Más reflexiones de fin de año

Cumpliendo con mi palabra escrita, trato de seguir haciendo un balance de lo que ha sido este año que finaliza. No se puede empezar a construir sin primero limpiar el área, edificar sobre cimientos fuertes. Tendemos a señalar siempre los problemas, más obviamos las buenas cosas, las oportunidades y lo gratificante que día a día nos da la vida.

La seguridad, tal como señalé en mi columna pasada, ha estado “en recreo”. Otro problema que nos acosa ha sido el transporte, que a pesar de todas las buenas (o malas) intenciones cada vez está peor, el caos de la ciudad es una carga estresante a la que nos enfrentamos cada día. El alza del petróleo (y ahora la baja) fue una variante que agregó un peso adicional en la caótica red vial.

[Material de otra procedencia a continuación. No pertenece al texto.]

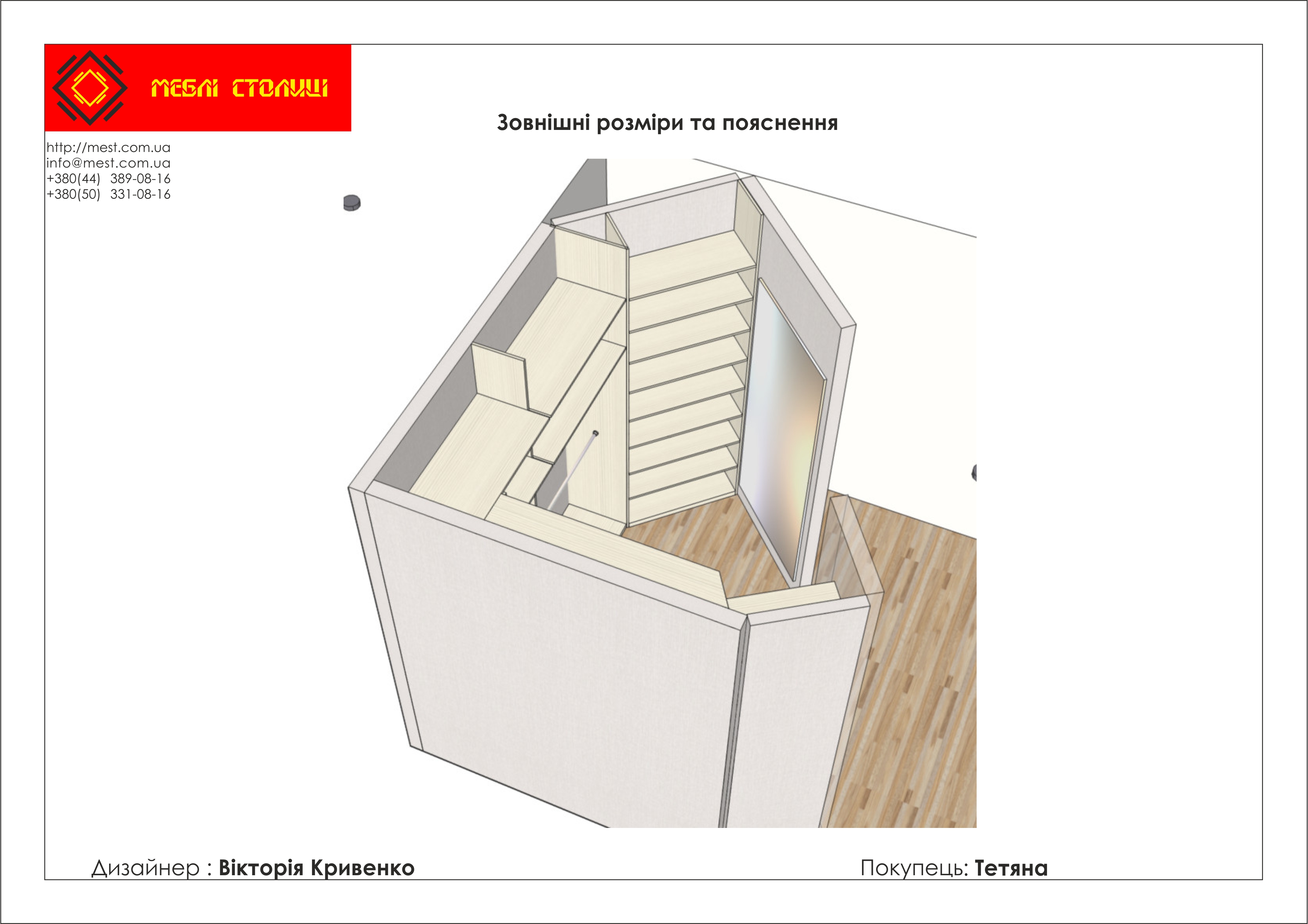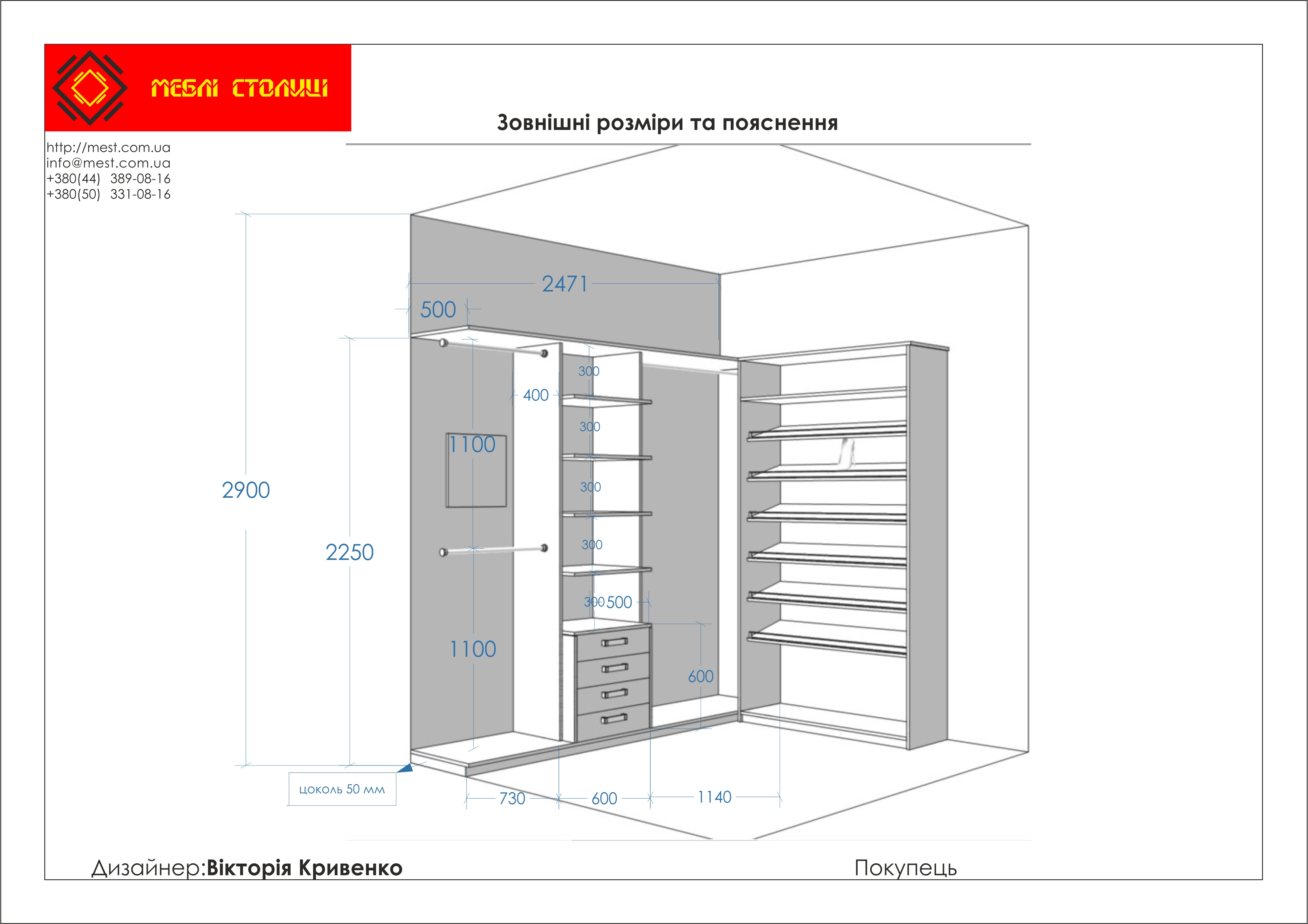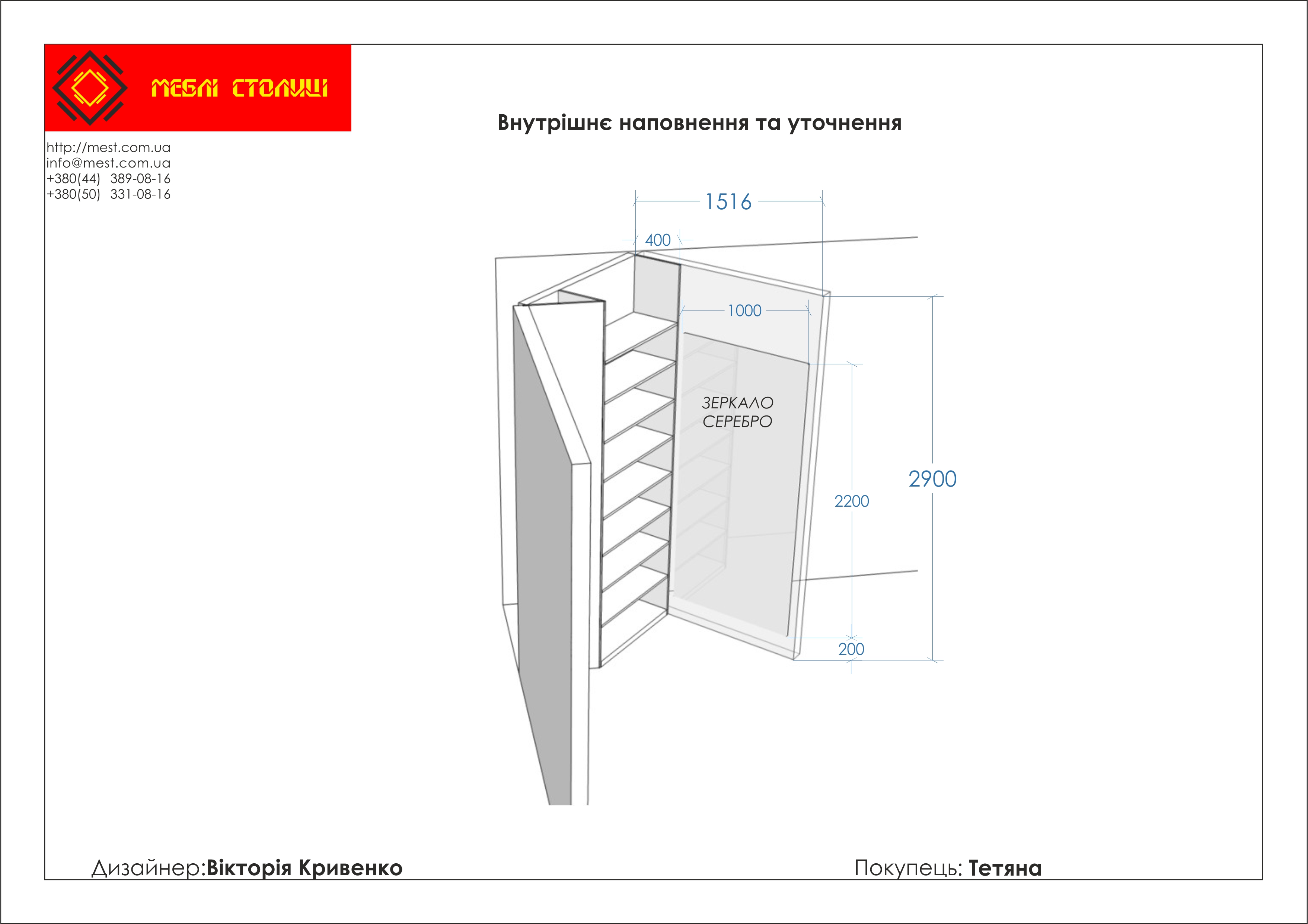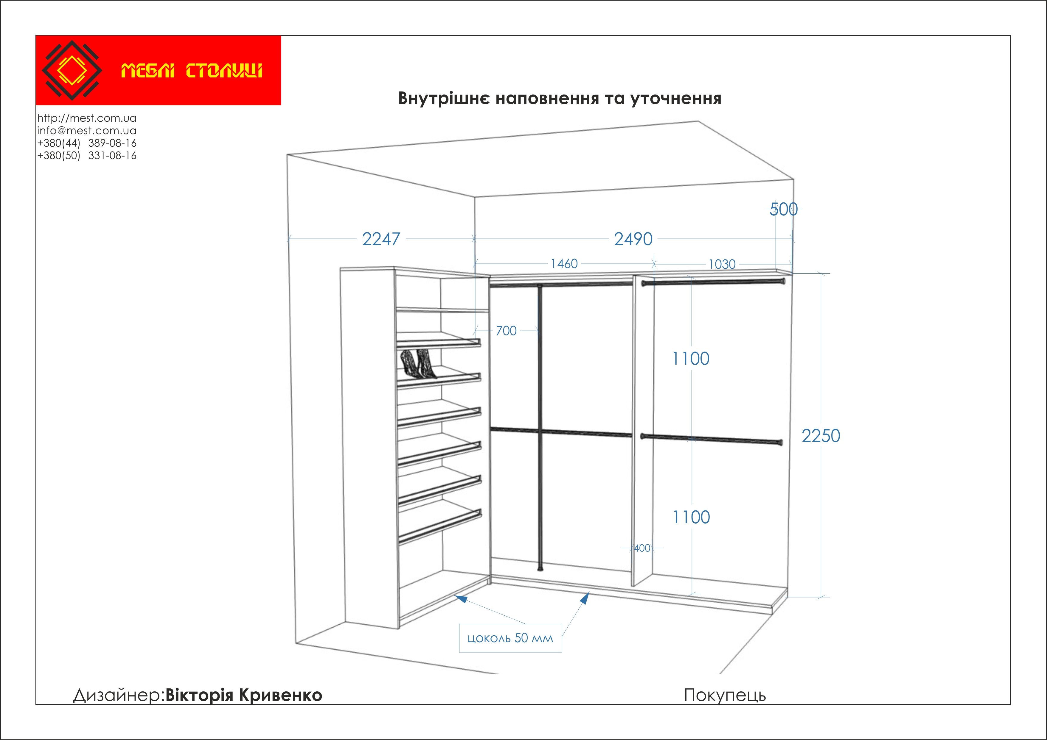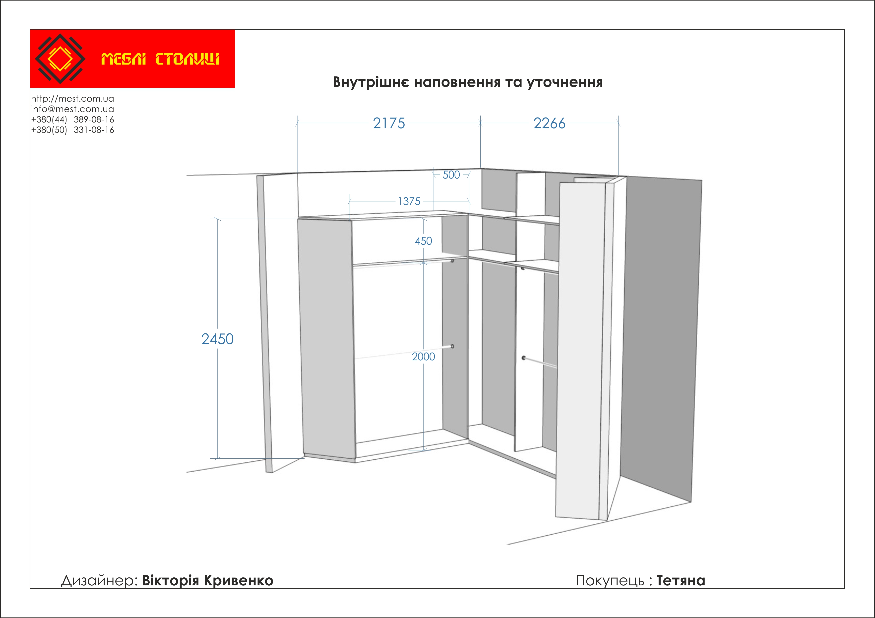 Менеджер: Тел: Номер замовлення: 35 08 16Дата початку: 12/08/2016Дата виконання: 12/10/2016Вартість: 106 300 гривень Категорії: Гардеробні

Sigo insistiendo que la mejor solución para la ciudad de Panamá sería un tren ligero, no contaminante, silencioso y que entrelace tres puntos importantes de la ciudad, como son la Plaza 5 de Mayo, la Iglesia del Carmen y la entrada de Vista Hermosa (Vía Fernández de Córdoba) para que allí, mediante alimentadores (grandes plazas o edificios de estacionamientos) las personas que viven en las afueras dejen sus autos y se dirijan a sus lugares de trabajo, sin congestionar innecesariamente las principales vías de la ciudad. En el momento que se reemplace un “diablo rojo” ese día se perderán las oportunidades de darle una vuelta de tuerca al problema agobiante del transporte.

El caos de la ciudad se refleja tanto en nuestra imagen turística que ya las sonrisas no son tan gratuitas. Los extranjeros se quejan de la pesadilla que son las vías y la condición de las mismas, como en la calidad de vida que ofrecemos. He conversado con muchas personas que tienen años de estar visitando Panamá, que han visto el marcado deterioro de la circulación vial y no se explican cómo se invierten en nuevas vías sin reparar las existentes. No seguiré repitiendo lo de la campaña Adopta tu Hueco, porque ya se institucionalizó y en la calle, propios y extraños me ofrecen no adoptar uno, sino hasta tres, con tal de aliviar el trauma de perder el silenciador, el eje, los neumáticos o hasta la salud en una caída desafortunada.

Otros temas que agobian al panameño común son el costo de los alimentos y la calidad de la educación. A mí en lo personal me preocupa primordialmente la forma en que se tiende a informar por los medios de comunicación el estado de las cosas en el país. Los noticieros televisivos arrancan con hechos de sangre y las tapas de los periódicos son siempre malas noticias.

Sería muy productivo que se hiciera un pacto por la baja de la hostilidad, que se firmara un acuerdo por parte de los medios de ofrecer su mejor cara, sin estar solamente pendiente del morbo y de los hechos sangrientos. No se trata de tapar la verdad, se trata de darle prioridad a las cosas buenas. Creo que en otros países ha funcionado muy bien. Debemos adoptar una cultura de construcción, no de devastación, hasta en la información.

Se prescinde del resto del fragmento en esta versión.